Warga menggunakan hak pilih di TPS yang menggunakan bus untuk bilik suara pada Pemilihan Kepala Daerah (Pilkada) Solo di Tempat Pemungutan Suara (TPS) 7 Tegalmulyo, Nusukan, Banjarsari, Solo, Jawa Tengah, Rabu (9/12). Kelompok Penyelenggara Pemungutan Suara (KPPS) Tegalmulyo memanfaatkan bus pariwisata sebagai bilik suara untuk menarik minat warga setempat berpartisipasi dan menggunakan hak pilih pada pilkada serentak di Solo. ANTARA FOTO/Maulana Surya/ama/15.

Palu, Aktual.com – Dr Darwis, pengamat politik dan dosen FISIP Untad menyinggung menurunnya tingkat partisipasi masyarakat dalam menyuarakan hak pilihnya. Menurut dia, hal itu lebih pada persoalan individu figur.

Selain itu kata dia, juga adanya kejenuhan masyarakat, karena yang selalu tampil adalah figure yang sama, tidak ada sirkulasi poitik yang melahirkan seorang pemimpin yang betul-betul ingin berjuang dan memiliki sifat negarawan.

Oleh karena itu, partai dan elit politik kita perlu mengintropeksi diri bahwa sebaiknya perlu membangun etika politik yang semakin bagus, ini juga berkaitan dengan system pengkaderan di tingkat partai.

“Saya kira kaderisasi sangat penting, namun etika politiklah yang paling penting. Elit politik yang bercokol di partai harus merekonstruksi kembali etika politik itu mencari figur yang memang layak dijual dan bermoral, menjunjung tinggi etika politik tanpa melihat ada uang atau tidak. Partai harus legowo mencari figur yang mengakar tanpa melihat adanya ‘Mahar’,” katanya, Selasa (15/12).

Sistem mahar itulah kata dia yang menggerus kualitas demokrasi. Ada orang yang memiliki ketokohan tapi tidak miliki uang, maka tidak dipilih.

Selanjutnya, bagaimana melahirkan sistem desentralisasi politik, tidak mesti DPP partai di tingkat pusat yang menentukan calon siapa saja yang diusung. Karena yang ada saat ini siapa yang bermitra menjadi kewenangan DPP untuk menentukan, hanya karena persoalan mahar politik itu.

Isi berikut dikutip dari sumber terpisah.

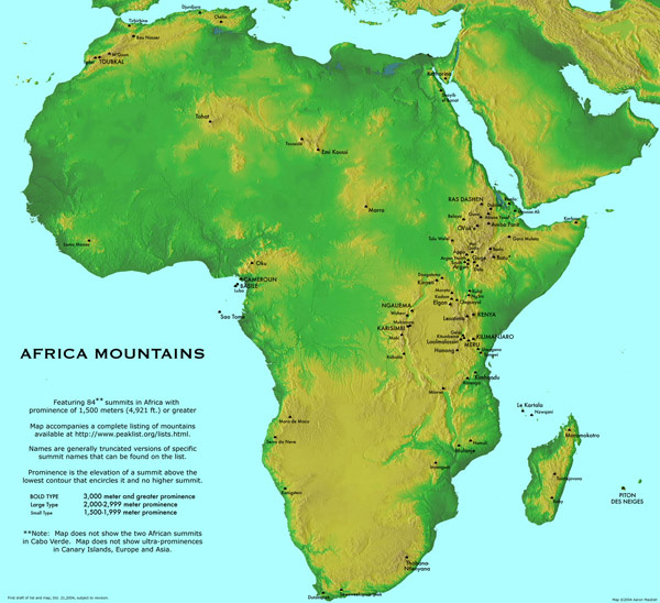 Большая подробная карта гор Африки. Большая подробная карта гор Африки.

“Ini juga yang membuat masyakat kecewa dan menurunkan partisipasi itu, juga membuat konflik internal partai di tingkat bawah,” katanya.

Intinya kata dia, kurangnya partsipasi adalah sebuah sikap politik masyarakat itu sendiri.

“Dan kita tidak bisa menyalahkan masyarakat, justru ini menjadi instrospeksi pemerintah, elit politik kita harus betul-betul menggerus politik pragmatis yang notabene melahirkan politik transaksional dan melahirkan pemimpin yang tidak amanah,” imbuhnya.